I remember him chopping a lot of wood behind the little log cabin we called home. It seemed that every time I turned around he was doing some hard manual labor around the cabin or out in the yard. I later learned that was how he handled grief.
A year later I remember him sitting on the front porch when the sun came up morning after morning after we lost our second baby to another miscarriage. I never understood why he wanted to be up at the break of dawn to just sit alone. I later learned he was begging God for a baby… every morning… one that we could keep.
I remember him standing by my side through all the months of tests and procedures. I remember him crying and praying with me. I remember him saying that he never once regretted choosing me.
I remember watching him with the twin boys we fostered and knowing he was the daddy they needed. He stood in the gap when those boys so desperately needed his strong arms and unconditional love. I remember him literally holding me up as we walked back inside when social services took them from our home to return to a place of uncertainty.
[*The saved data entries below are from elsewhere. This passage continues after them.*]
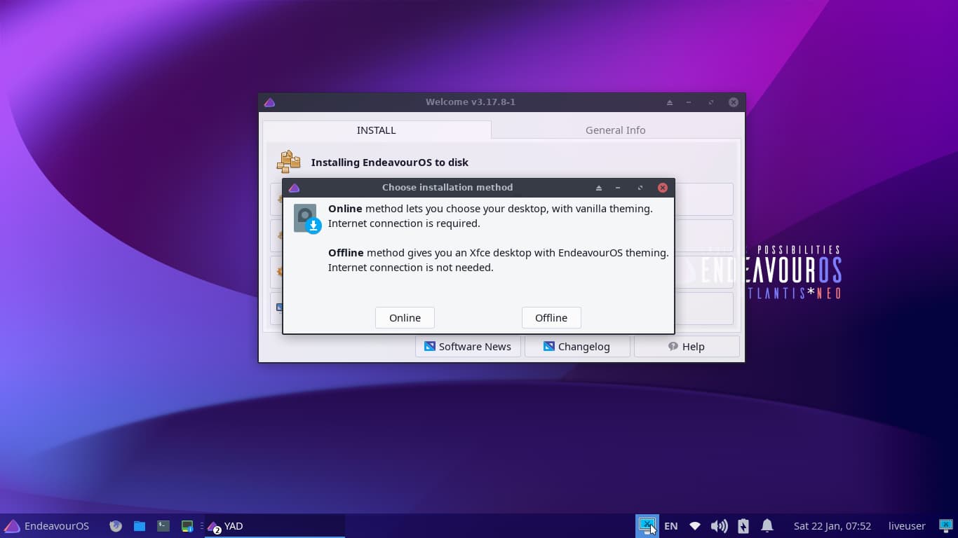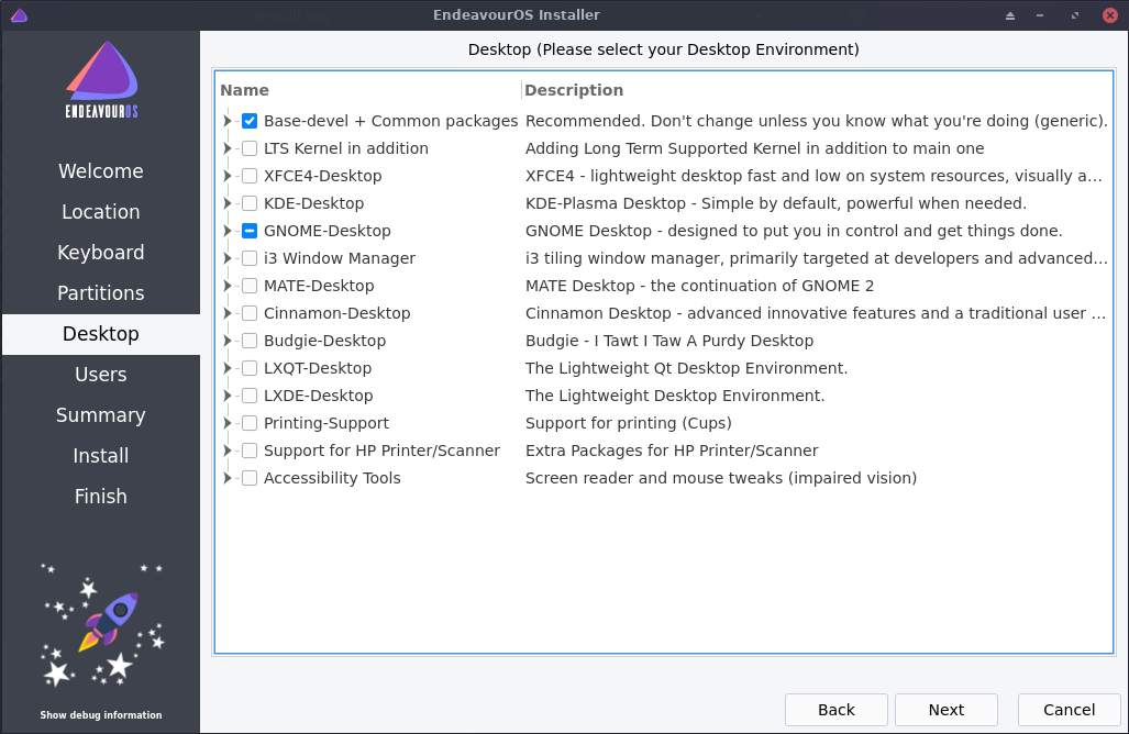 تأتي النسخة الحية من توزيعة Endeavour os بواجهة xfce مخصصة افتراضيا، لكن يمكنك الاختيار بين العديد من الواجهات ومدراء النوافذ أثناء التثبيت.
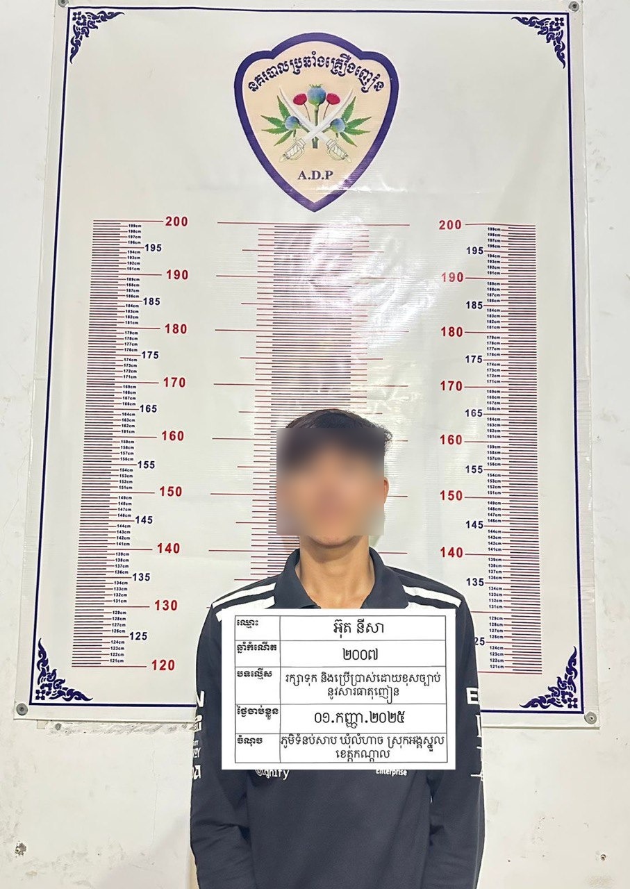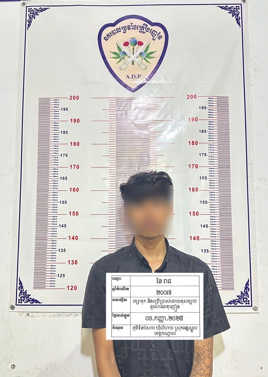 កណ្ដាល៖ យុវជនចំនួន ៤នាក់ត្រូវបានកម្លាំងសមត្ថកិច្ចស្រុកអង្គស្នួលឃាត់ខ្លួន បន្ទាប់ពីចុះធ្វើរដ្ឋបាលត្រួតពិនិត្យផ្ទះជួល ហើយរកឃើញថាពួកគេកំពុងប្រមូលផ្ដុំគ្នារក្សាទុក និងប្រើប្រាស់គ្រឿងញៀនខុសច្បាប់។ ជនសង្ស័យទាំងអស់សុទ្ធតែមានសារធាតុញៀនក្នុងខ្លួន។ ហេតុការណ៍នេះបានកើតឡើងនៅថ្ងៃទី១ ខែកញ្ញា ២០២៥ វេលាម៉ោង ១៥:០៥នាទី នៅផ្ទះជួលក្នុងភូមិទំនប់សាប ឃុំលំហាច ស្រុកអង្គស្នួល។
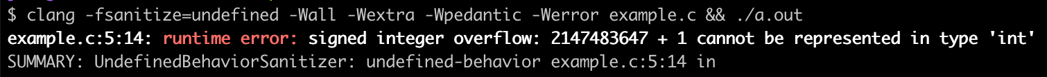 UndefinedBehaviorSanitizer (UBSan) detects undefined behavior, which refers to the situation where a program’s behavior is unpredictable and not specified by the langauge standard. Some common examples of this are accessing out-of-bounds memory, dereferencing an invalid pointer, reading uninitialized variables, and overflow of a signed integer. For example, here we increment INT_MAX which is undefined behavior.
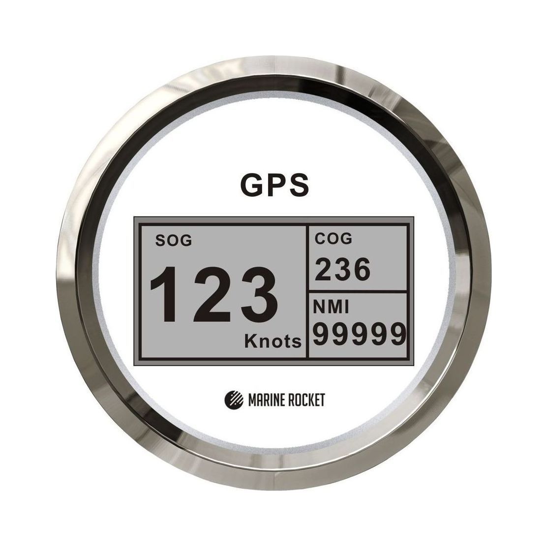 GPS-спидометр электронный, белый циферблат, нержавеющий ободок, выносная антенна, д. 85 мм, Marine Rocket
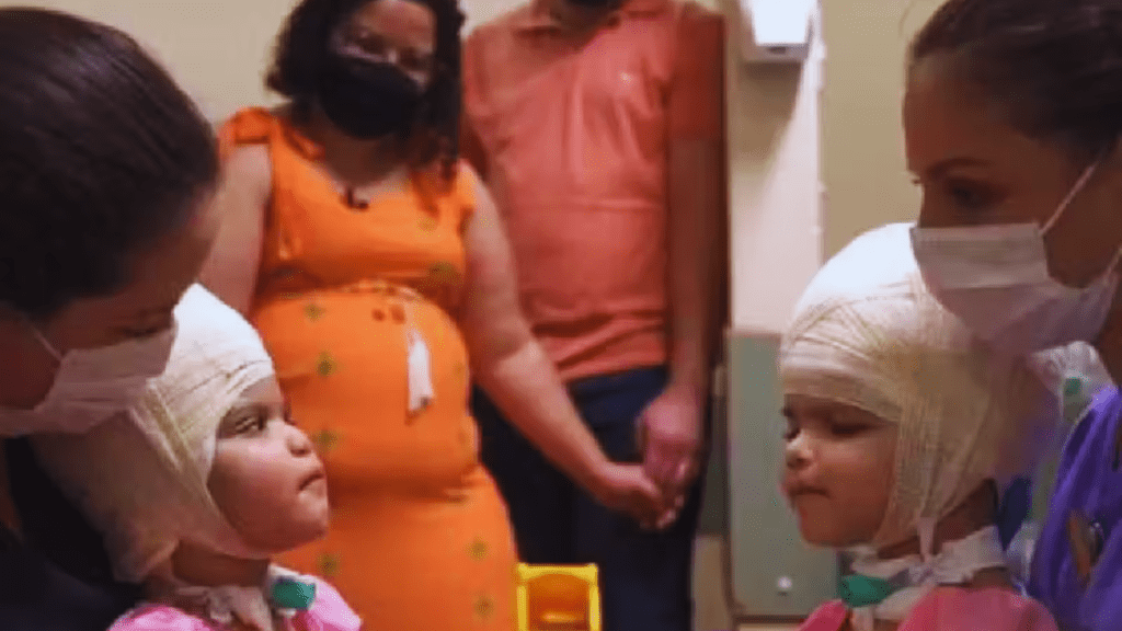 Após cirurgia, gêmeas siamesas ficam frente a frente primeira vez.
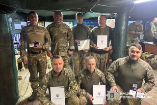 Поліцейським, котрі несуть службу у складі Сил безпеки та оборони та виконують бойові завдання із захисту територіальної цілісності України з нагоди Дня захисників та захисниць України вручено державні та відомчі відзнаки.
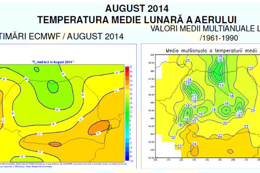 Regimul termic se va situa în limite apropiate de mediile multianuale în centrul şi nordul ţării şi peste normalul perioadei în restul teritoriului.
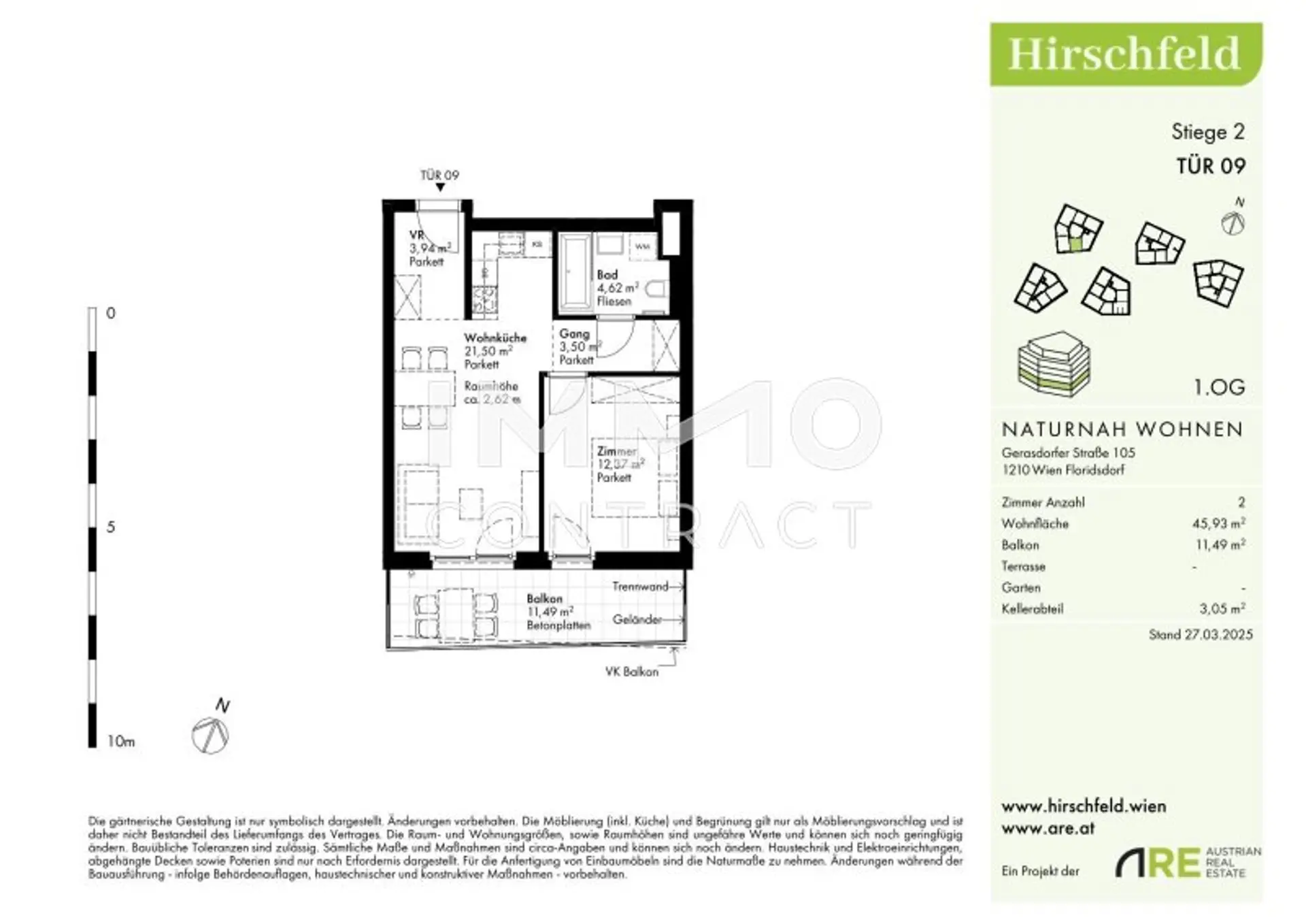 Am Rande eines weitläufigen Grünzugs, der sich bis zum Bisamberg erstreckt, entsteht im naturnahen Hirschfeld ein einzigartiges Wohnquartier: Auf drei Bauplätzen entwickelt sich ein modernes Architektur-Ensemble mit elf Gebäuden und rund 440 Wohnungen – ideal für alle, die Ruhe im Grünen mit urbaner Lebensqualität verbinden möchten.

Years, and tears, and piles of paperwork later the phone call finally came… a baby boy in Ethiopia needed a father. I remember the first time he held our son Mareto and the love in his eyes. I remember coming home and watching him become this amazing father and knowing that all the years and tears and hurts brought John to this place and make him the father he is today.
Less than a year later I told him that I wanted another baby and I remember the way his face lit up and the immediate agreement. I remember John meeting his little girl and knowing that she would have him wrapped around her pinky forever. I remember turning to him in the hotel bed the night after we met Arsema to ask what her middle name should be. He smiled, as if he were imagining her face from earlier that day, and softly said, “Joy.”
I remember the balloons and flowers and excitement that met me in the airport when I finally came off the plane from Ethiopia with our daughter – greeted by my husband and our son. Just like that we were a family of four and John’s strong arms encompassed all of us.
The road to fatherhood and through fatherhood has been full of bumps and bruises and unexpected twists and turns. John has remained tender, compassionate, steady, strong, and loving through every up and down. Fatherhood didn’t come to John easily – he had to fight for it.
Maybe part of what makes John such an incredible father is that he understands what a gift it is … that even on the hardest days and through the sleepless nights he knows how close we were to missing out on all of it.